2023 Tálknafjarðarhreppur–Vesturbyggð municipal merger referendum
| 20 October 2023 |

Results
| Choice | Votes | % |
| Yes | 503 | 85.84% |
| No | 78 | 13.31% |
| Blank votes | 5 | 0.85% |
| Valid votes | 586 | 99.83% |
| Invalid votes | 1 | 0.17% |
| Total votes | 587 | 100.00% |

= 2023 Tálknafjarðarhreppur–Vesturbyggð municipal merger referendum =

Referendum on the unification of two Icelandic municipalities

The Tálknafjarðarhreppur–Vesturbyggð municipal merger referendum was a proposed unification of the Icelandic municipalities of Tálknafjarðarhreppur and Vesturbyggð. The vote was held in both municipalities on 20 October 2023, and succeeded, with over 85% of the vote being in favor.

== Background ==
During the summer of 2022, the two municipalities' local councils began an informal conversation on the matter. In early 2023, the joint task force proposed to the two local governments that formal merger negotiations should begin.

The goals of the merger were to strengthen administration, improve services, and further their ability to achieve results in regional development, economic growth, and transportation infrastructure.

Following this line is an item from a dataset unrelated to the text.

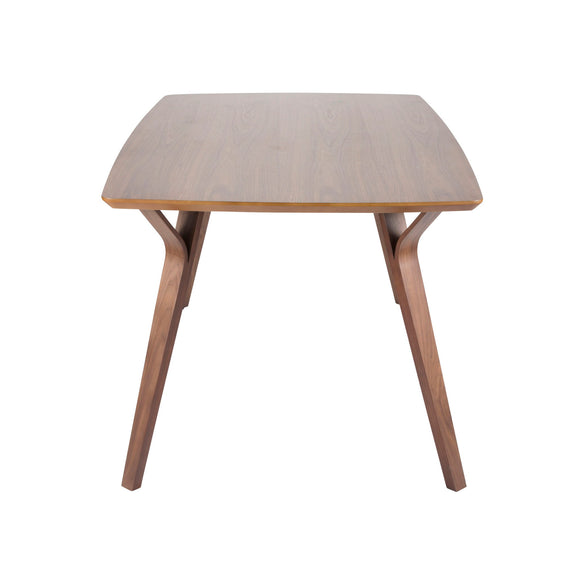 • Design & Style: The Folia Dining Table features a Mid-Century Modern design with a rectangular top, rounded edges, and splayed tapered legs, offering a clean and contemporary aesthetic.

In the referendum, 16 and 17 year olds, along with those who were older than that, were allowed to vote. The merger required a majority of votes cast in each municipality to be in favor in order for the measure to succeed.

== Viewpoints ==
Vesturbyggð mayor Vesturbyggð Þórdís Sif Sigurðardóttir: "This will be discussed by both local administrations next week. And I think it is very likely, based on the composition of the project board and the tone of the conversations so far, that the proposal will be accepted by both municipalities. My feeling is that there is a better chance now than before that there will be a positive outcome."

Tálknafjörður mayor Ólafur Þór Ólafsson: "From what I hear, there is more desire than not for a merger. It’s greatly in the interests for this part of the Westfjords as they develop in the future. These are two municipalities in an area with very similar interests. There is already a lot of cooperation, of the kind that means this would be a much easier merger than perhaps elsewhere."

== Results ==
In Tálknafjarðarhreppur, 139 people voted yes, 5 voted no, and 1 individual's ballot was blank. In Vesturbyggð, there were 364 votes in favor, 73 opposed, 4 blank ballots, and 1 invalid ballot. Of the 201 people on the electoral roll in Tálknafjarðarhreppur, 145 votes were cast, and in Vesturbyggð, of the 804 registered voters, 442 votes were cast.